Birthday Problem: Finding a Probability Function of an Event

Question

Problem: Ignoring leap days, the days of the year can be numbered $1$ to $365$. Assume that birthdays are equally likely to fall on any day of the year. Consider a group of $n$ people, of which you are not a member. An element of the sample space $Ω$ will be a sequence of n birthdays (one for each person).

Event $A$: “someone in the group shares your birthday”

Find an exact formula for $P(A)$.

Solution provided:

It’s easier to calculate $P(A^c)$. There are $364^n$ outcomes in $A^c$ since there are $364$ choices for each birthday. So $ P(A)=1 − P(A^c)=1 − \frac{364^n}{365^n}$

My Solution:

Say $n=5$. First we can assume the first person has the same birthday as me. This leaves the other four people to each have a choice of $364$ days for their birthdays. So there are $364^4$ sequences per person. $5(364)^4$ can more generally be written as $n(364)^{n-1}$. My formula ends up as $\frac{n(364)^{n-1}}{365^n}$ which ends up being wrong.

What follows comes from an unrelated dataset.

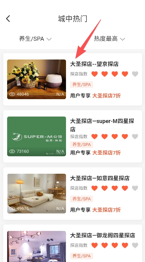 我们提供探店列表查看功能,您可以进入首页的城中热门板块,查看养生/SPA类等本地探店信息列表内容。

I cannot figure out why.

Answer 1

It is definitely easier to use the complement rule here.

$$\begin{split}P(\text{someone shares your birthday} &= 1-P(\text{no one shares your birthday})\\ &=1-\left(\frac{364}{365}\right)^n\end{split}$$

If you do it your way, you will have to consider all the cases. Let $p=1/365$ be the probability of sharing a birthday.

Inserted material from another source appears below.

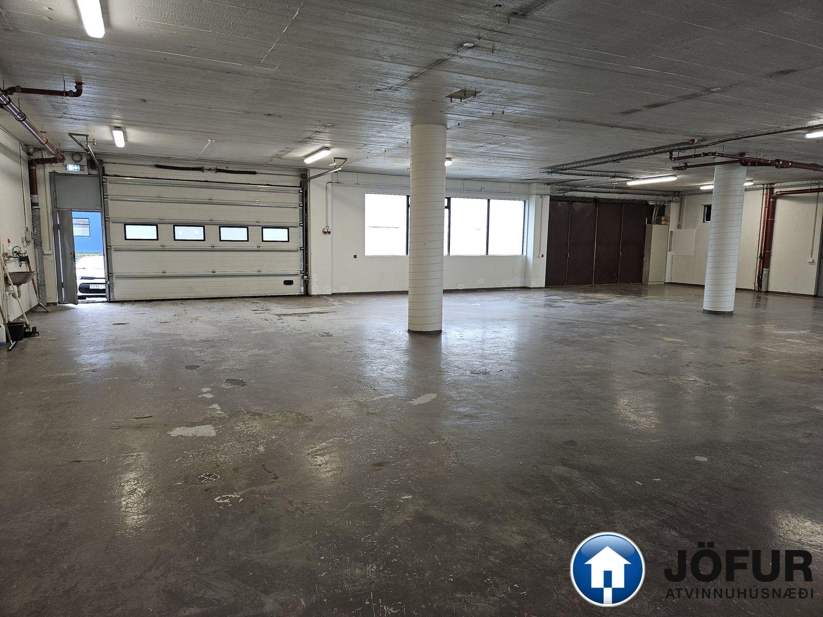 Nánari lýsing: Húsnæðið skiptist upp í opinn vinnusal þar sem lofthæð er um 3,2 m., tvö lokuð herbergi/ skrifstofuherbergi og tvö Wc með sturtuklefum. 3ja fasa rafmagn er til staðar. Hæð á innkeyrsluhurð er 2,7 m. Niðurföll eru í gólfi. VSK leggst ekki við leigufjárhæðina.

$$\begin{split}P(\text{someone shares your birthday}) &= P(one shares)+P(2shares)+...P(n shares)\\ &={n\choose1}p(1-p)^{n-1}+{n\choose 2}p^2(1-p)^{n-2}+...+{n\choose n}p^n\end{split}$$

Since we know that these are binomial probabilities, from the distribution Binomial(n, p), the remaining probability must be complemented from 0. That is, it equals $1-{n\choose 0}(1-p)^n$.